# What is expected
Repeat exactly the lines of the material below that run from the "for modern decor." line to the "On the front, you’ll" line, including both, and do not carry over any pictures.

(Recorded data Opens)

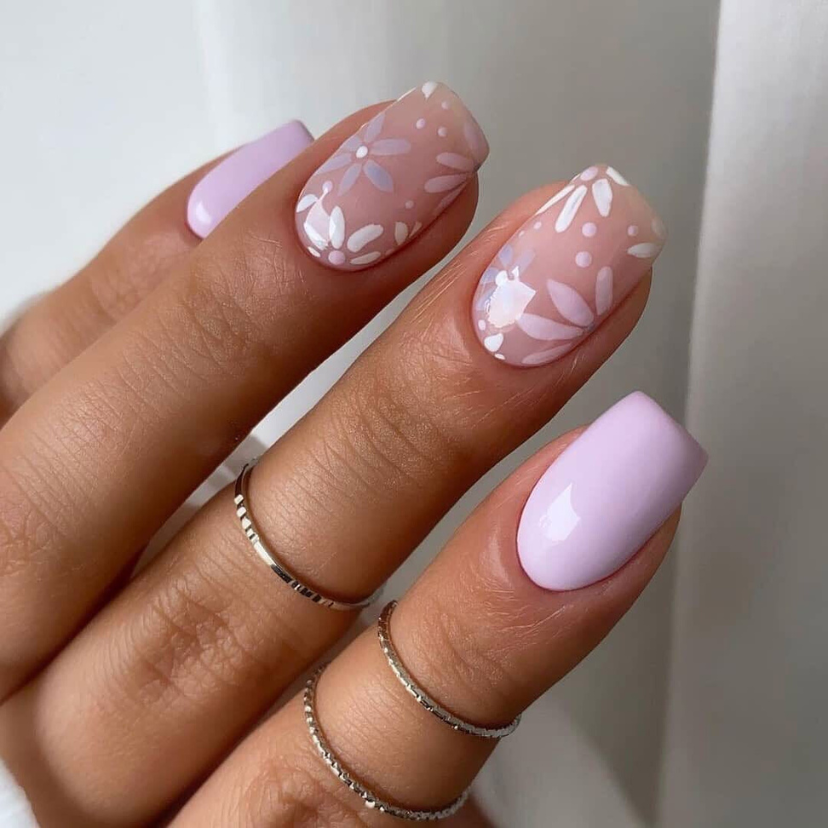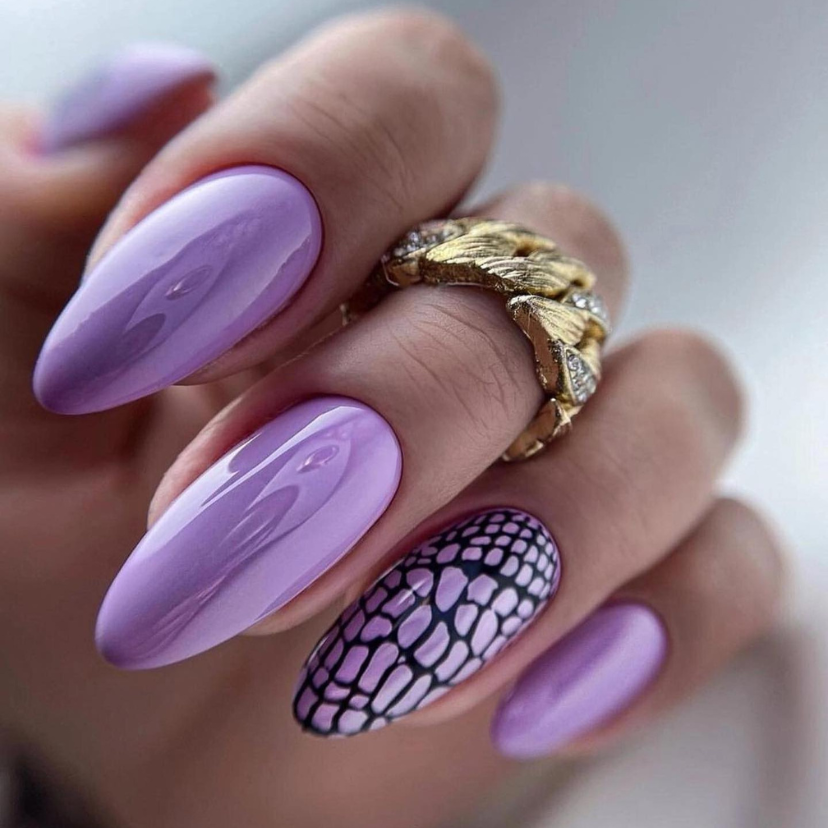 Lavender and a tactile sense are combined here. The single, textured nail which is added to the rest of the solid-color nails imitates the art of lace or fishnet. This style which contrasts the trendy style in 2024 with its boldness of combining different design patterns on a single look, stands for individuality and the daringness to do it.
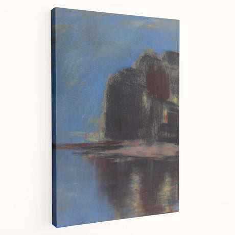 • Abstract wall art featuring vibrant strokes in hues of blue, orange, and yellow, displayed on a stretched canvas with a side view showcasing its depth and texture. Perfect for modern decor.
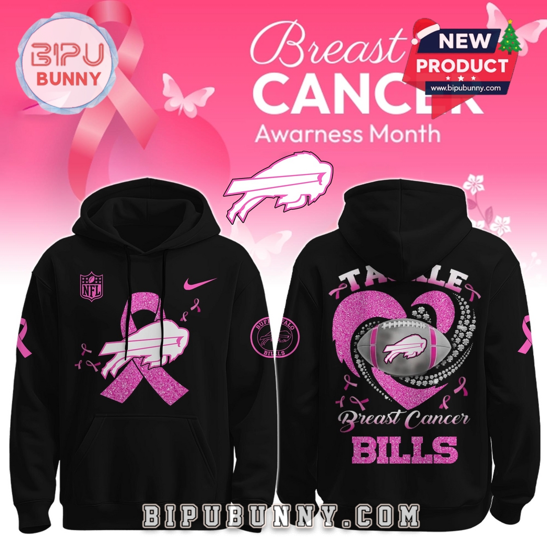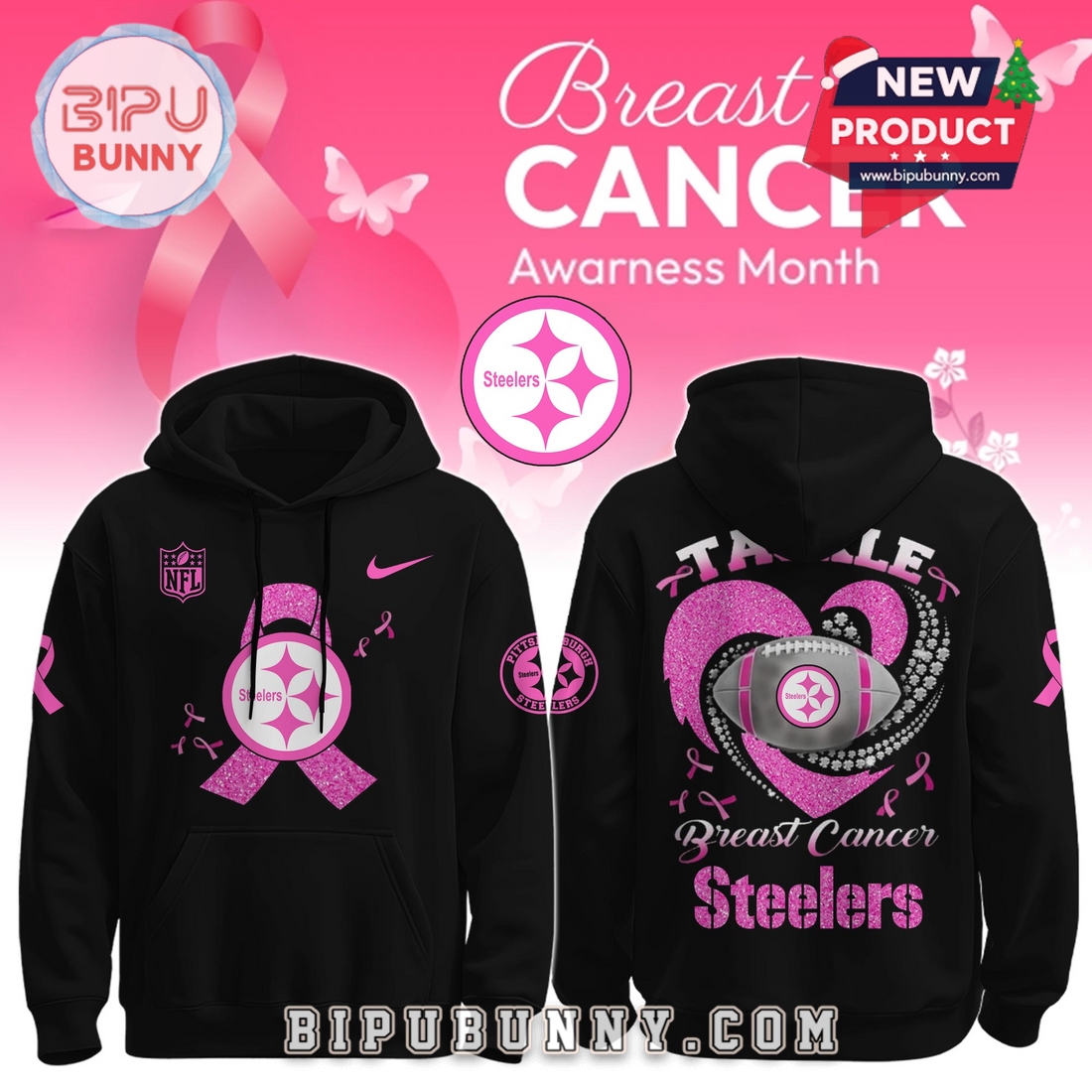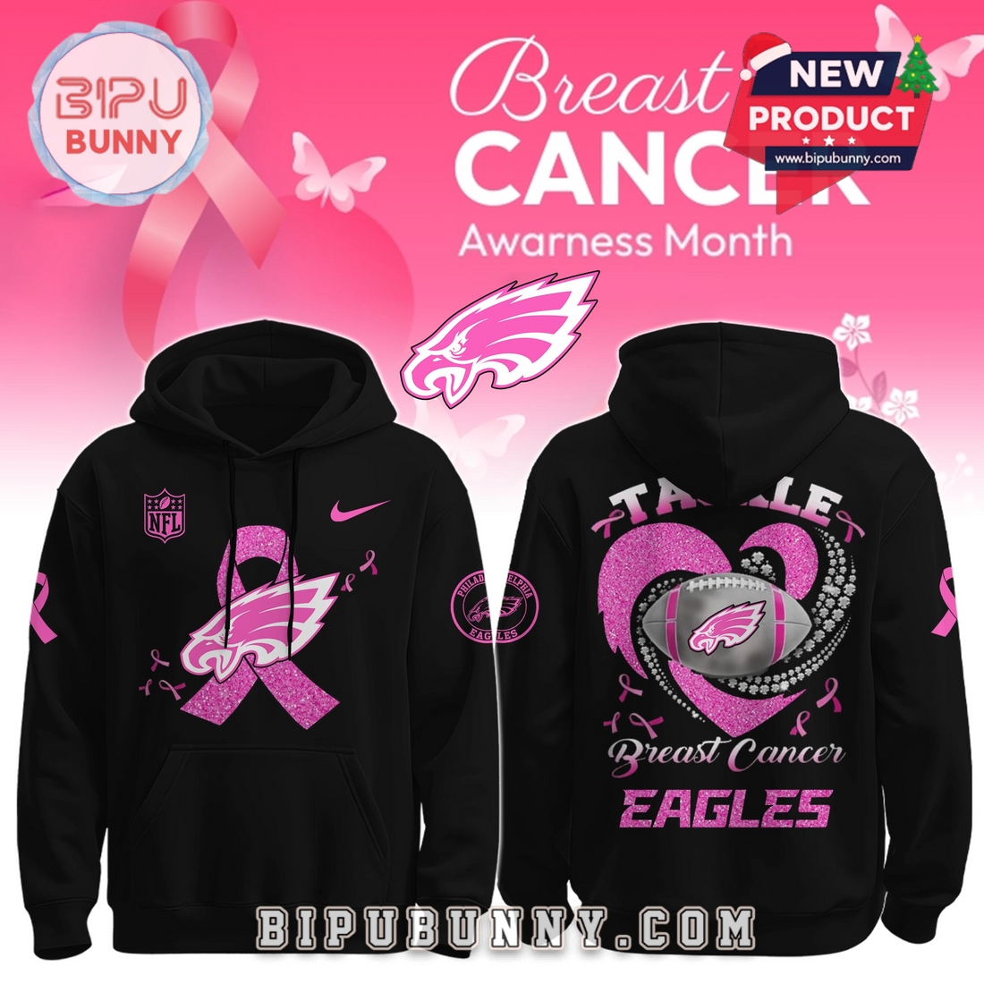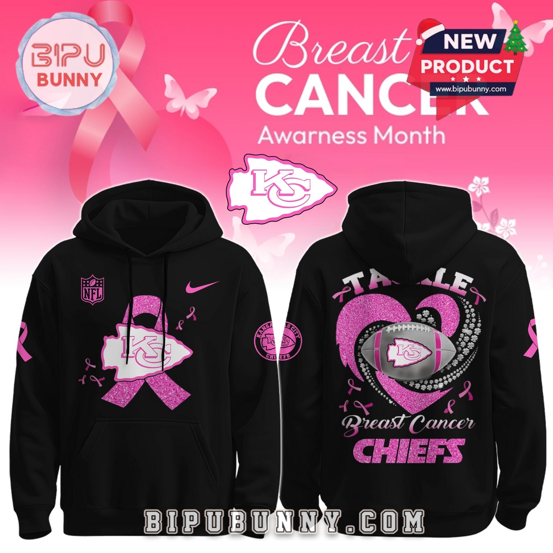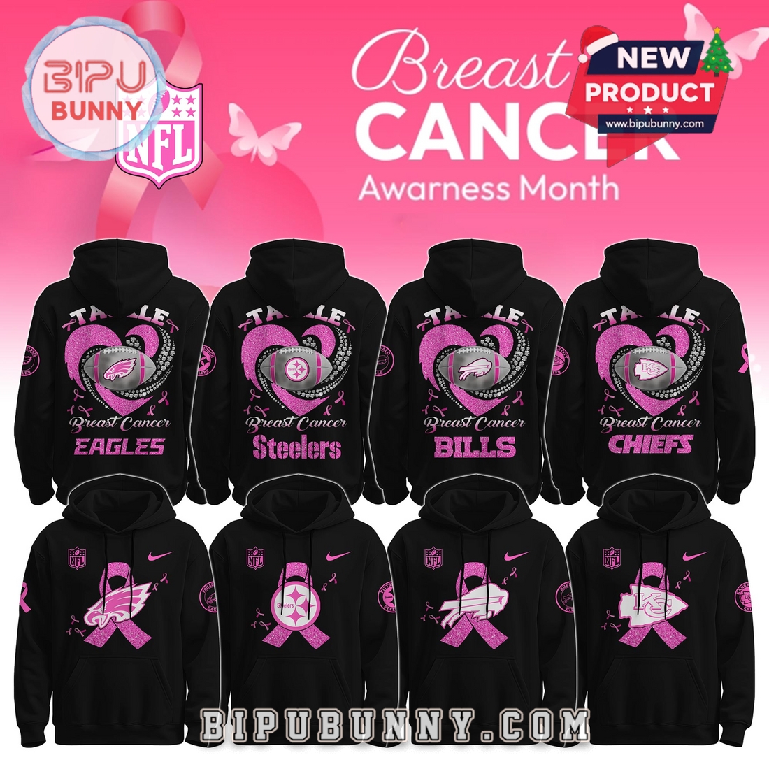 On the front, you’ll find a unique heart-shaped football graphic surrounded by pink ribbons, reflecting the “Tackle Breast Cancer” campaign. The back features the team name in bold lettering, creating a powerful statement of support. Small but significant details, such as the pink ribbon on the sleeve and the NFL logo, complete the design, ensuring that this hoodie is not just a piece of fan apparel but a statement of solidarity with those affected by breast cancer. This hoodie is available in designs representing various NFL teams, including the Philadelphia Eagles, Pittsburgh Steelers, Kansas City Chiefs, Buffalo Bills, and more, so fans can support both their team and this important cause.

(Recorded data Closes)
(Recorded data Opens)

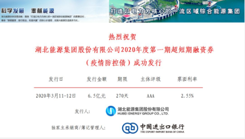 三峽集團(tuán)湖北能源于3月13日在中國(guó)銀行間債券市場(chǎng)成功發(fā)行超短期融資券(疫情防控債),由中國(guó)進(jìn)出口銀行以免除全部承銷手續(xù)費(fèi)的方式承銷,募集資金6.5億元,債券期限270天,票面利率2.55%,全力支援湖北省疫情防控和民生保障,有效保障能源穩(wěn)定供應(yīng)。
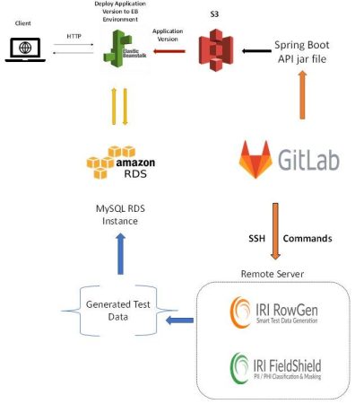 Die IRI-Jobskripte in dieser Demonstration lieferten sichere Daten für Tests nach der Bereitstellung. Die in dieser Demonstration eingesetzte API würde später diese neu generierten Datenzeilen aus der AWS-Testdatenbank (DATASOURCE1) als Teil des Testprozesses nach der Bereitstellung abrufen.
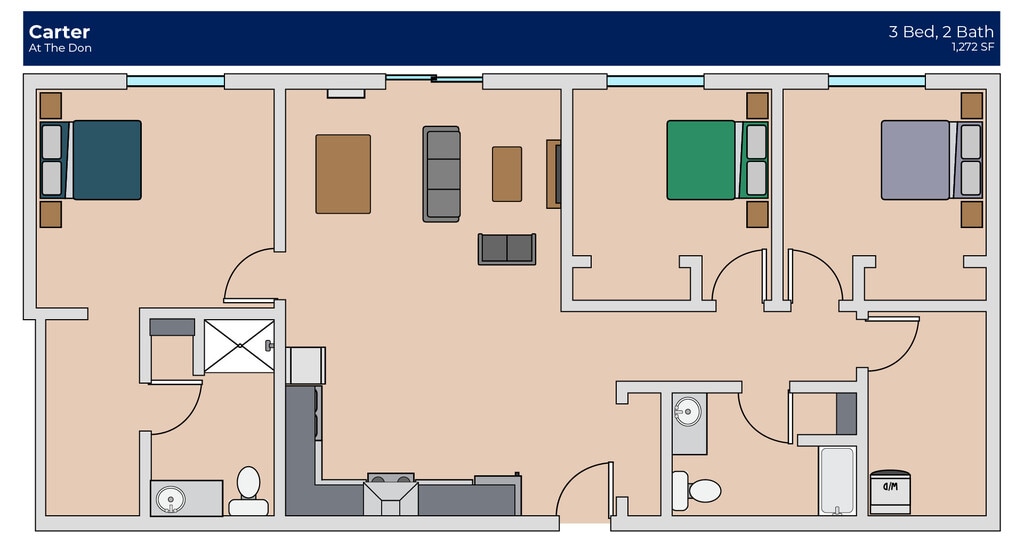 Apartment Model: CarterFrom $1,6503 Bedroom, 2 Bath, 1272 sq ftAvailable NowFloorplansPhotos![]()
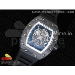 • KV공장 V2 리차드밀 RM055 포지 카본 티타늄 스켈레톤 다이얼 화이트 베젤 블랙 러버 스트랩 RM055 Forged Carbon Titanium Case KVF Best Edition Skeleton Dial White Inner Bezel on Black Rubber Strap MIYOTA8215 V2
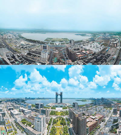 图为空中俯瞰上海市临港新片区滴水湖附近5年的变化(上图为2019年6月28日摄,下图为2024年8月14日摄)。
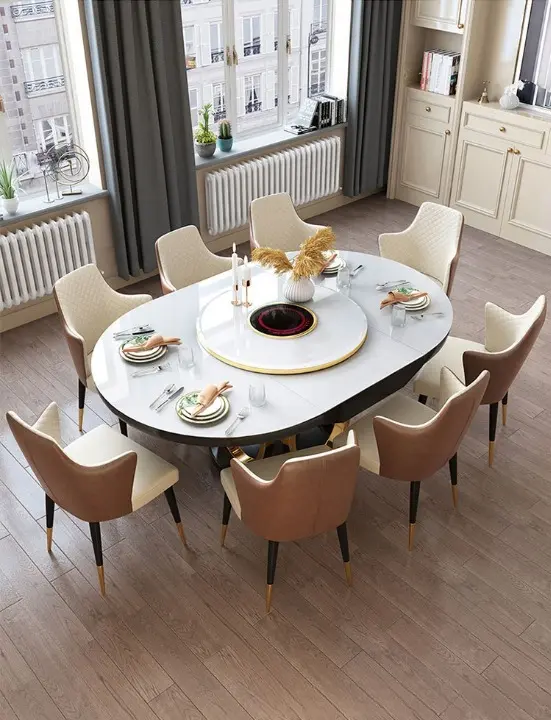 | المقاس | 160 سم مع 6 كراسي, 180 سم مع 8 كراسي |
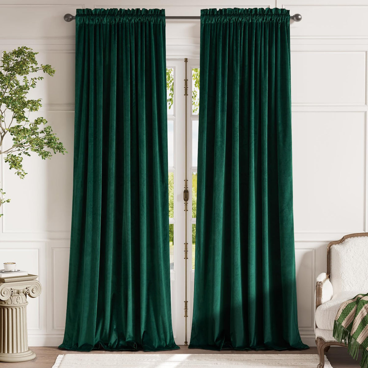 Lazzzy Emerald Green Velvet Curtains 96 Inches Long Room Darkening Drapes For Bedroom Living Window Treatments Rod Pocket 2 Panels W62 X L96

(Recorded data Closes)
(Recorded data Opens)

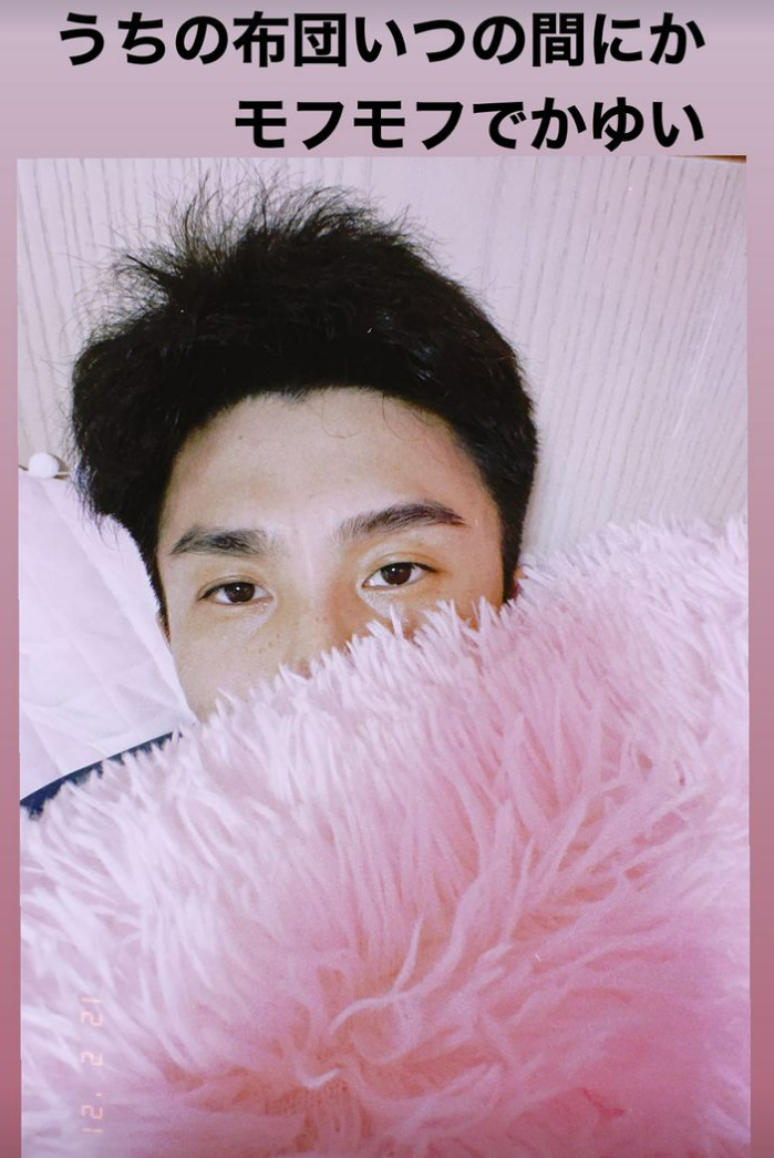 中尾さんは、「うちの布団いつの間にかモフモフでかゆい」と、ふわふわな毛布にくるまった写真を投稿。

(Recorded data Closes)

# Result for this exercise
 • Abstract wall art featuring vibrant strokes in hues of blue, orange, and yellow, displayed on a stretched canvas with a side view showcasing its depth and texture. Perfect for modern decor.
 On the front, you’ll find a unique heart-shaped football graphic surrounded by pink ribbons, reflecting the “Tackle Breast Cancer” campaign. The back features the team name in bold lettering, creating a powerful statement of support. Small but significant details, such as the pink ribbon on the sleeve and the NFL logo, complete the design, ensuring that this hoodie is not just a piece of fan apparel but a statement of solidarity with those affected by breast cancer. This hoodie is available in designs representing various NFL teams, including the Philadelphia Eagles, Pittsburgh Steelers, Kansas City Chiefs, Buffalo Bills, and more, so fans can support both their team and this important cause.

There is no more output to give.